= What you will do =
For the records below, copy exactly the span that begins at the line containing "This room consists" and stops after the line containing "Общая склонность к", minus any pictures.

(Items listed in a dataset)
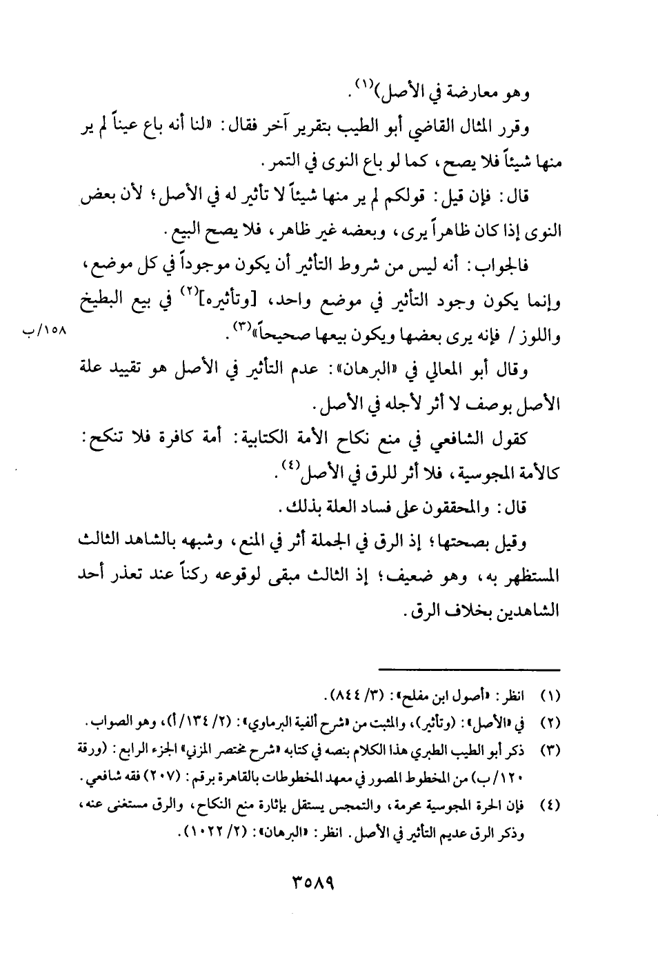 وَقَالَ أَبُو الْمَعَالِي فِي " الْبُرْهَان ": عدم التَّأْثِير فِي الأَصْل هُوَ تَقْيِيد عِلّة الأَصْل بِوَصْف لَا أثر لأَجله فِي الأَصْل. كَقَوْل الشَّافِعِي فِي منع نِكَاح الْأمة الْكِتَابِيَّة: أمة كَافِرَة فَلَا تنْكح كالأمة الْمَجُوسِيَّة، فَلَا أثر للرق فِي الأَصْل قَالَ: والمحققون على فَسَاد الْعلَّة بذلك.
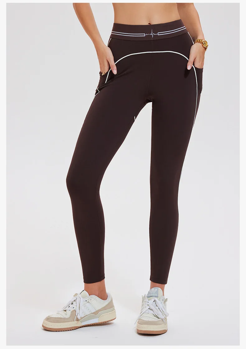 New Yoga Set Women's Two-piece Set Nude Brushed High-waisted Sport Pants with Pocket Outdoor Fitness Wear Set
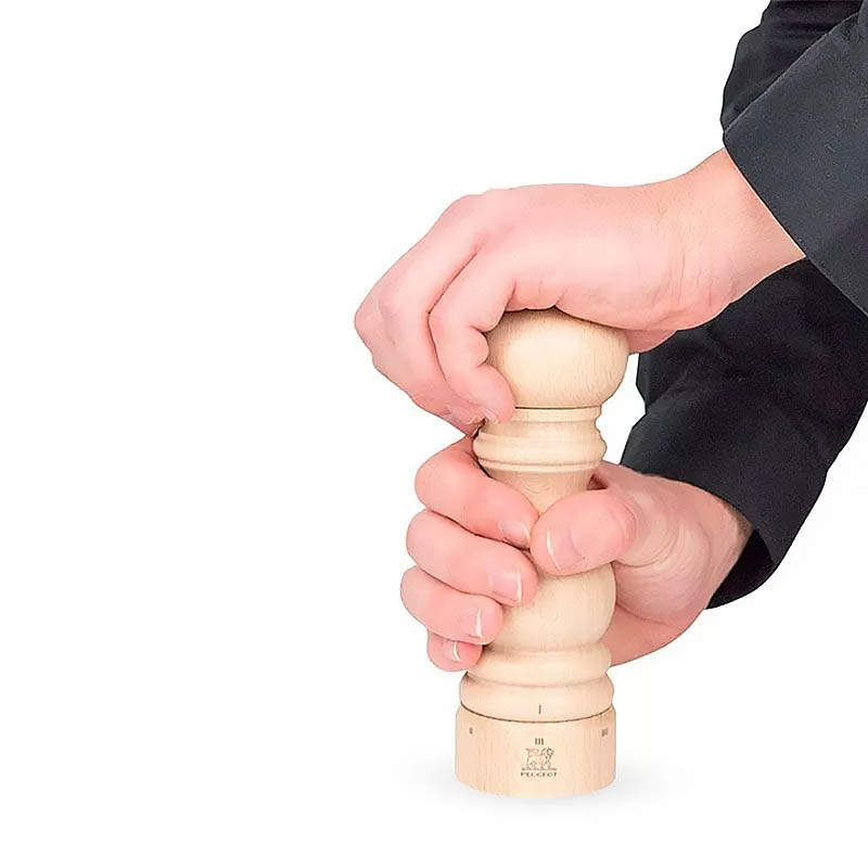 Например, мельница для перца Peugeot оснащается двумя рядами геликоидных зубцов, надежно захватывающих горошины в момент размалывания. Система регулирования обеспечивает простой выбор тонкости помола, в соответствии с необходимостью — от крупного дробления, до размалывания в пыль.
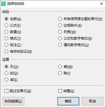WPS表格正常情下,复制表格内容后,右键点击“选择性粘贴”,会弹出下面的选项窗口:
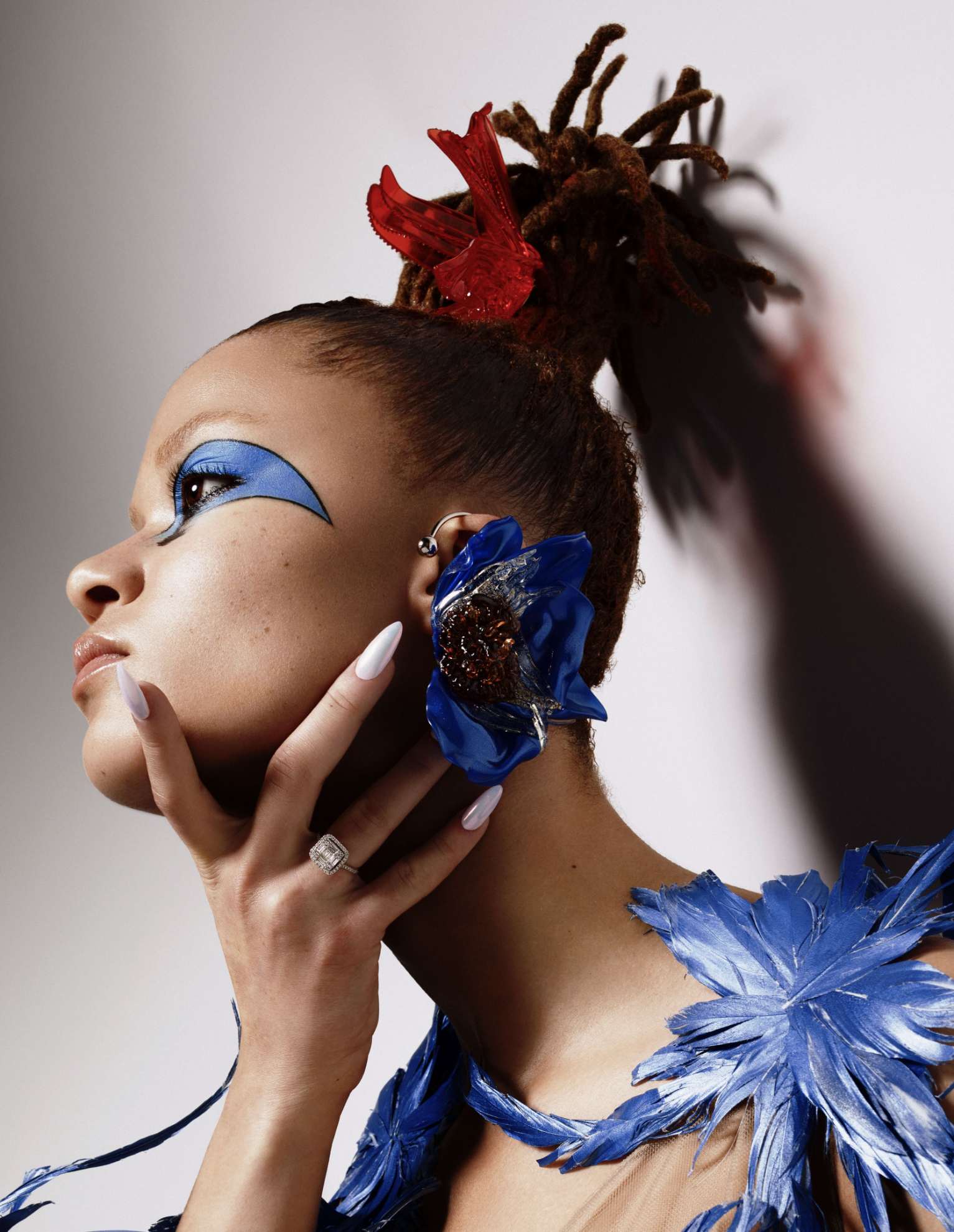 Maël: Vestido, GEORGES HOBEIKA. Headpiece e brincos, ambos em poliéster reciclado, TÉTIER. Anel em ouro branco com diamante, NG DIAMOND. Batons (usados na face) La Sélection Bâtons de Couleur, nos tons Babi, Ancient e Great Sand, € 93, batom (usado como sombra de olhos) Colour Stick, no tom Ultramagnetic, € 31, sombra de olhos Eyeshadow 5 Colours Syren, no tom blue, € 65, eyeliner, no tom Technical Black, € 36, máscara de pestanas Astronomical, € 41, bálsamo de lábios Chromophobia, € 45, tudo BYREDO.
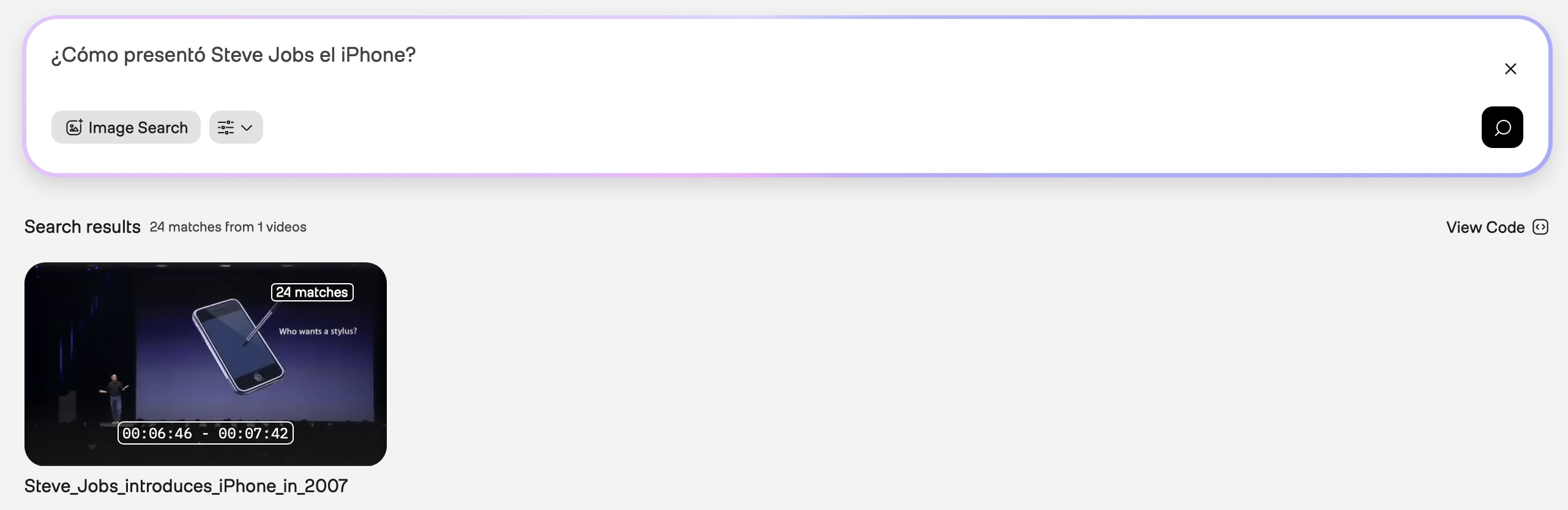 In the example screenshot below, the query was “¿Cómo presentó Steve Jobs el iPhone?” (“How did Steve Jobs introduce the iPhone?”). The Marengo video understanding model used information from the visual and audio modalities.
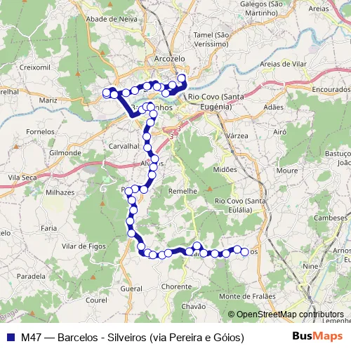 Bus M47 - Barcelos - Silveiros (via Pereira e Góios) Schedule in Barcelos
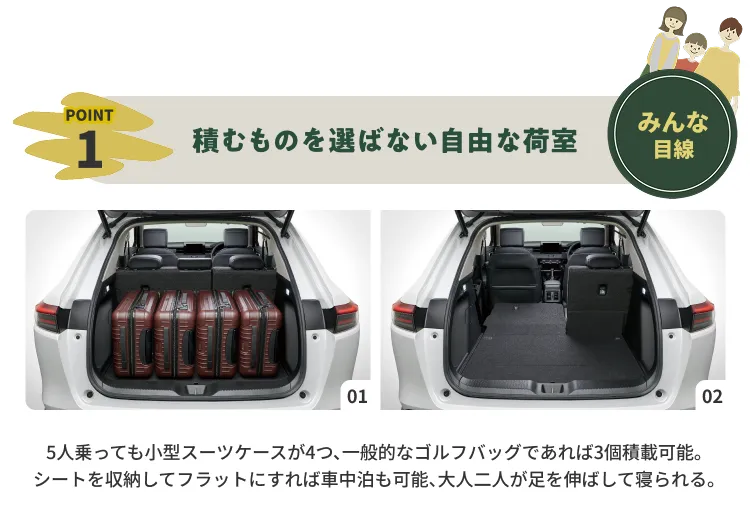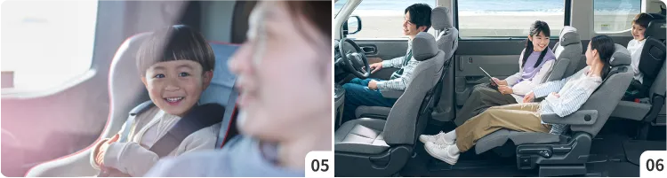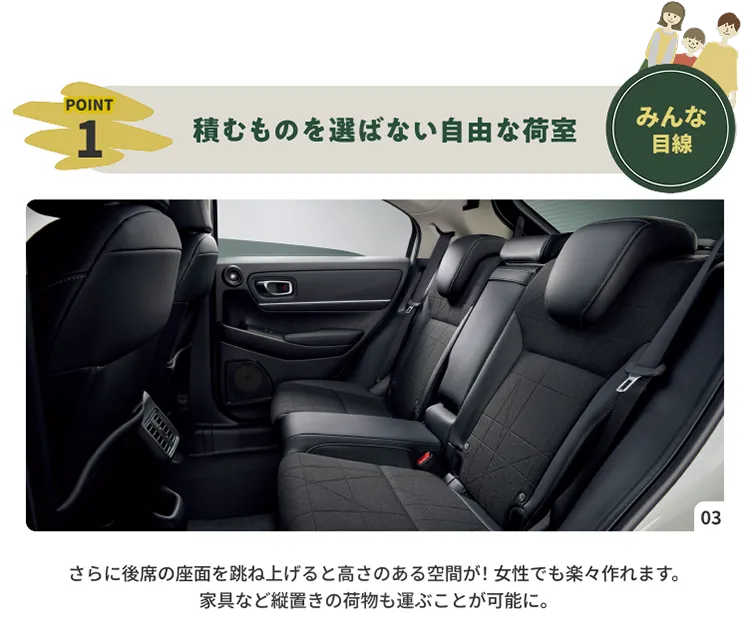 Photo【02】【03】【04】【05】【06】:■インテリアの写真には、カットボディーによる合成写真が含まれます。■写真には、機能説明のための作動イメージが含まれます。■小物類は撮影のために用意したものです。■小物類のサイズ・形状によっては積めない場合があります。■シートアレンジの各操作は、異物をはさんでいないか確認の上、無理な力をかけず確実に行ってください。■安全のため走行の際は荷物をしっかりと固定してください。■安全のため、シートのヘッドレストを下げた状態で走行しないでください。チャイルドシート、ジュニアシート装着時は、それぞれの取扱説明書に従ってご使用ください。■画面はハメコミ合成。■各装備・仕様の詳しい設定につきましては、「主要装備表」「主要諸元表」をご覧ください。
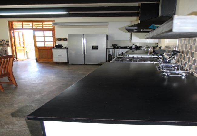 This room consists of 2 three-quarter beds which share an exquisite bathroom with Room 3. The room has its own patio with an incredible view over the garden, swimming pool, and wild game. There is a Full kitchen on the premises to share.
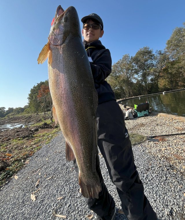 前日に特大サイズが放流されたのでそれも釣れたらいいなと4号池でスタート!
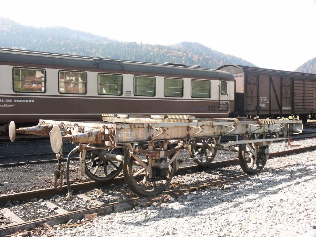 ... tandis que la E 3/3 ex JS 855 (puis CFF 8175, RVT 8, Von Roll 11) se prépare à rejoindre le dépôt de son nouveau propriétaire, accompagnée d'un ancien wagon de service RVT/TRN et du D4 371. |
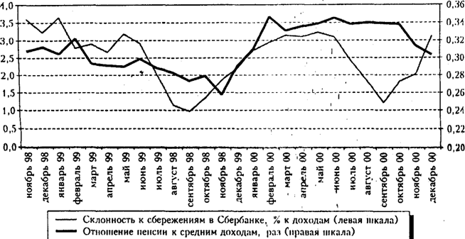 Общая склонность к сбережению под влиянием перечисленных факторов в 2000 г. достигла 6%, что вдвое меньше, чем в 1997 г. Этого в нынешних условиях недостаточно для того, чтобы величина накопленных сбережений. росла по отношению к среднемесячным доходам.
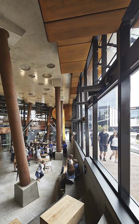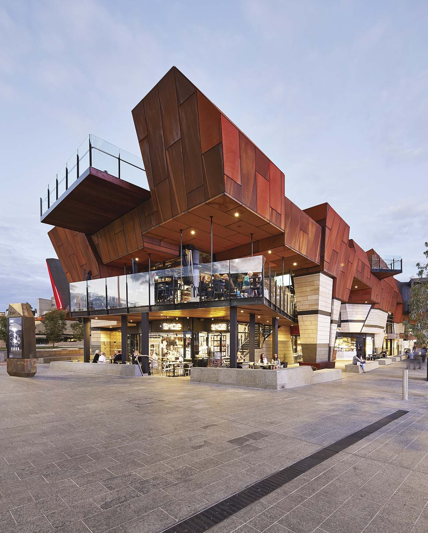 The architects used steel in the form of circular columns sleeved in 32 tonnes of oxidised raw steel, echoing the aged hue of the facade’s REDCOR® weathering steel. As a bustling food hall, its interior extends the exterior’s geological formations with a scheme that references a cave or mine. Polished concrete flooring adds to the robustness of the material palette, as does the concrete soffit, which is rock-like in appearance. Yagan Square’s welcoming accessibility and effortless flow belies the project’s architectural complexity and rigour. With many of the key features not able to be realised in a material other than steel, a materiality rich in texture and colour is integral to its successful outcome. The project itself functions as a vessel through which the themes of Country are compellingly narrated and as a built precinct, it is nothing short of diverse, fun and entertaining.
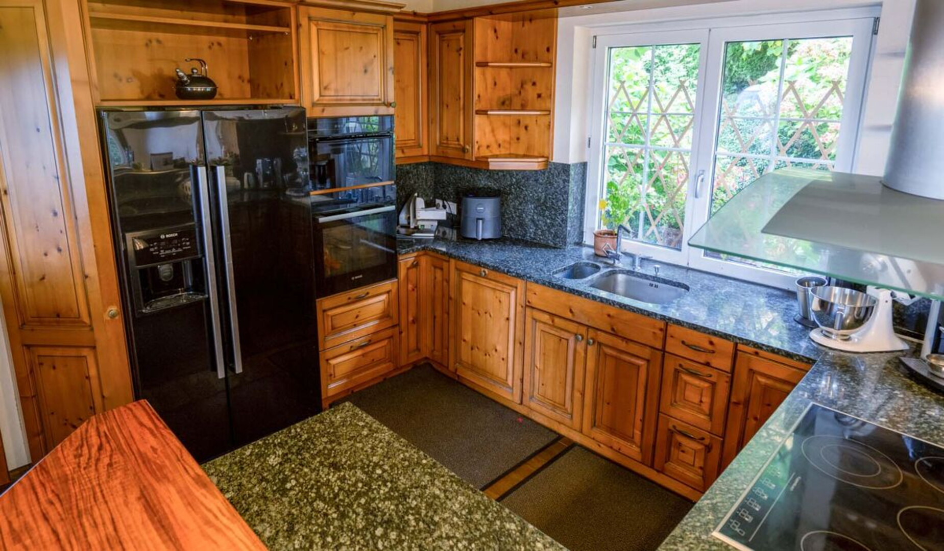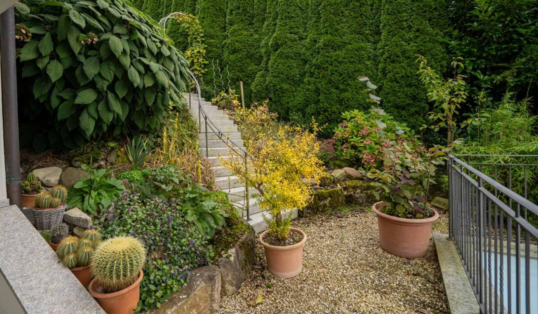 Der liebevoll angelegte, pflegeleichte Garten mit Gewächshaus rundet dieses besondere Anwesen harmonisch ab und bietet zusätzliche Möglichkeiten für Erholung und Freizeit im Grünen.
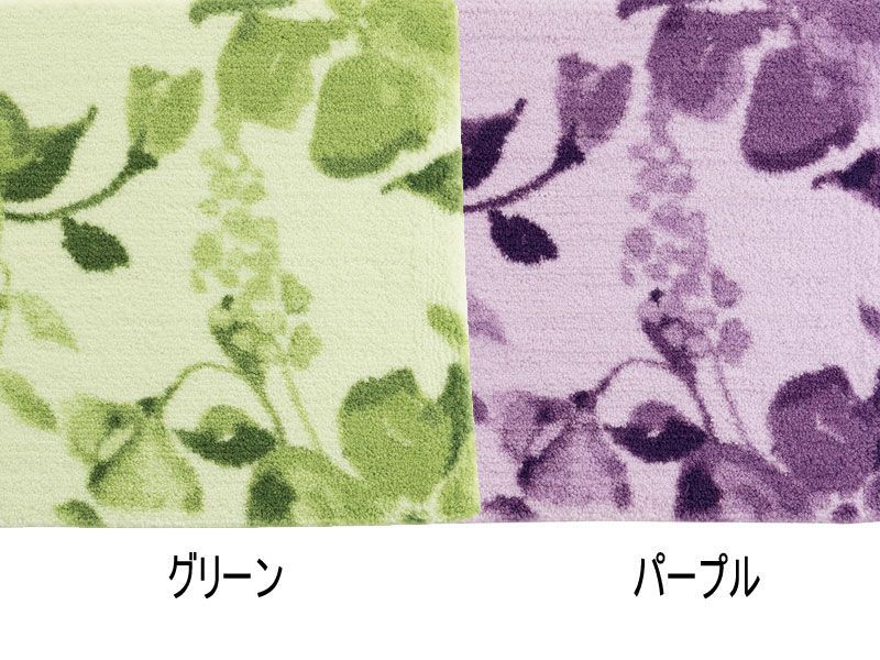躍動感あふれる水彩画の花モチーフがまるでアート作品のようです。トイレマットの美しいグラデーションはインクジェットプリントで表現しています。

= Response box =
 This room consists of 2 three-quarter beds which share an exquisite bathroom with Room 3. The room has its own patio with an incredible view over the garden, swimming pool, and wild game. There is a Full kitchen on the premises to share.
 前日に特大サイズが放流されたのでそれも釣れたらいいなと4号池でスタート!
 ... tandis que la E 3/3 ex JS 855 (puis CFF 8175, RVT 8, Von Roll 11) se prépare à rejoindre le dépôt de son nouveau propriétaire, accompagnée d'un ancien wagon de service RVT/TRN et du D4 371. |
 Общая склонность к сбережению под влиянием перечисленных факторов в 2000 г. достигла 6%, что вдвое меньше, чем в 1997 г. Этого в нынешних условиях недостаточно для того, чтобы величина накопленных сбережений. росла по отношению к среднемесячным доходам.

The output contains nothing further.